Tom Shimabukuro, MD, from the CDC’s Immunization Safety Office, provided an update on vaccine safety. Overall, there were no new concerns detected in VAERS surveillance. Children aged 6 to 23 months showed an increased relative risk for seizures following IIV3 and IIV4, a finding similar to previous seasons.

The panel delayed a vote on the H5N1 vaccine after a discussion led by Sonja Olsen, PhD, from the CDC. Olsen provided an overview of disease epidemiology and results of cross reactivity for the H5N1 vaccine.

From November 2003 through May 2015, the WHO has documented 850 cases of H5N1 in humans across 16 countries, with 413 deaths. 

In 2015, only three countries have reported cases of H5N1 in humans: China, Egypt, and Indonesia. In Egypt specifically, there has been a spike in cases, though this has been declining in recent weeks. Olsen said that this upsurge was likely due to an increase in the number of people exposed to infected poultry rather than any changes in the virus.

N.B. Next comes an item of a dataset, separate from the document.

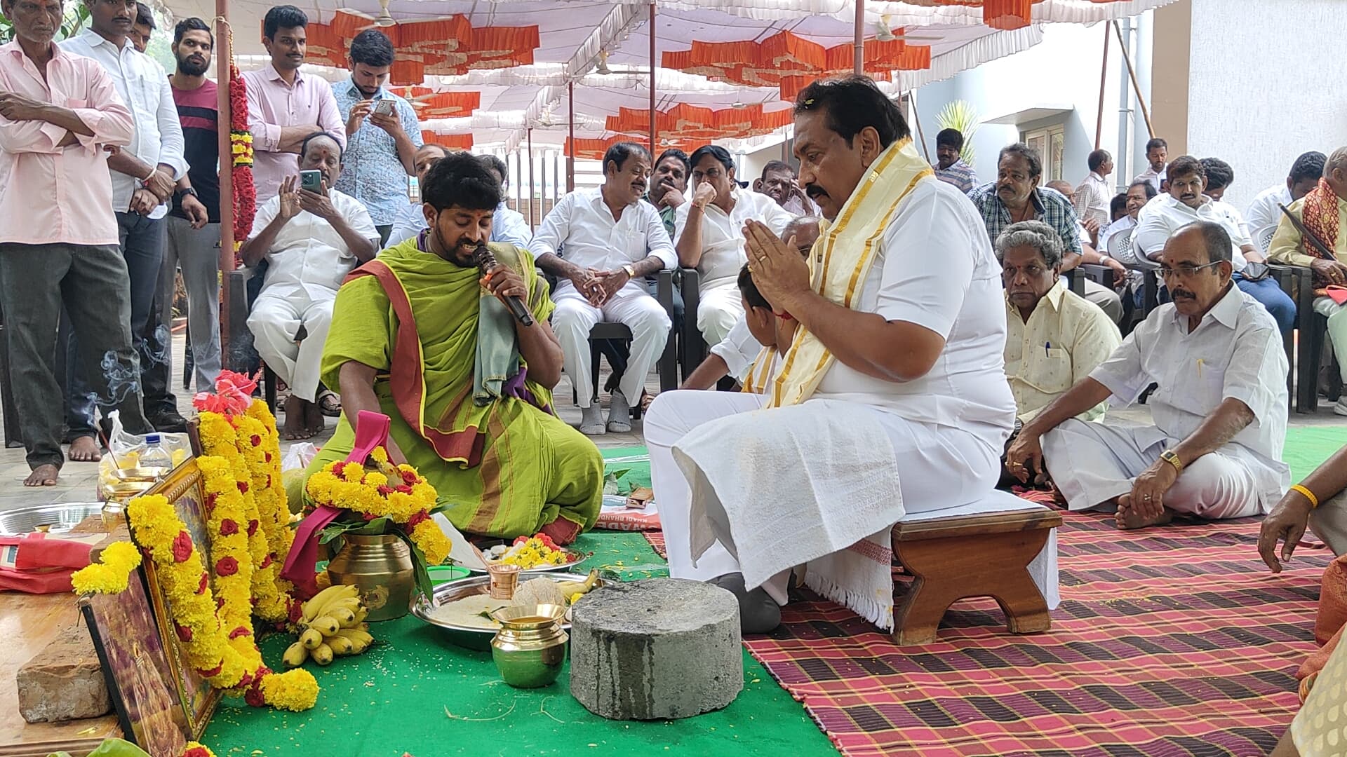 హోమంలో మాజీ మంత్రి రఘువీరారెడ్డి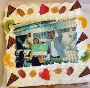 Natuurlijk werd het behalen van de koploperprijs op kantoor gevierd. Geheel in stijl met duurzame taart van letterlijk ‘de bakker op de hoek’. Dat smaakt naar meer!

In the United States, experts have identified three different viruses in wild birds: H5N1 (a new reassortant), H5N8, and H5N2. 

The Q-Pan H5N1 vaccine was tested for cross reactivity against these strains. According to Olsen, the vaccine “offered some level of cross neutralization titers to a panel of H5N1 viruses from various clades, including newly emerging strains.” 

However, the vaccine did not have the same efficacy for other strains – it elicited no neutralizing antibodies for H5N8 and H5N2.

Olsen said she believes this lack of cross reactivity is due to the strains being evolutionarily distant.

The ACIP delayed a vote on the H5N1 influenza vaccine at this meeting, but officials said they will likely vote on recommendations for H5N1 vaccine use at a later date. In the meantime, officials with the CDC and WHO continue to monitor viral trends.

Reference

  1. Various presenters. Presented at: Meeting of the Advisory Committee on Immunization Practices. June 16, 2015. Atlanta.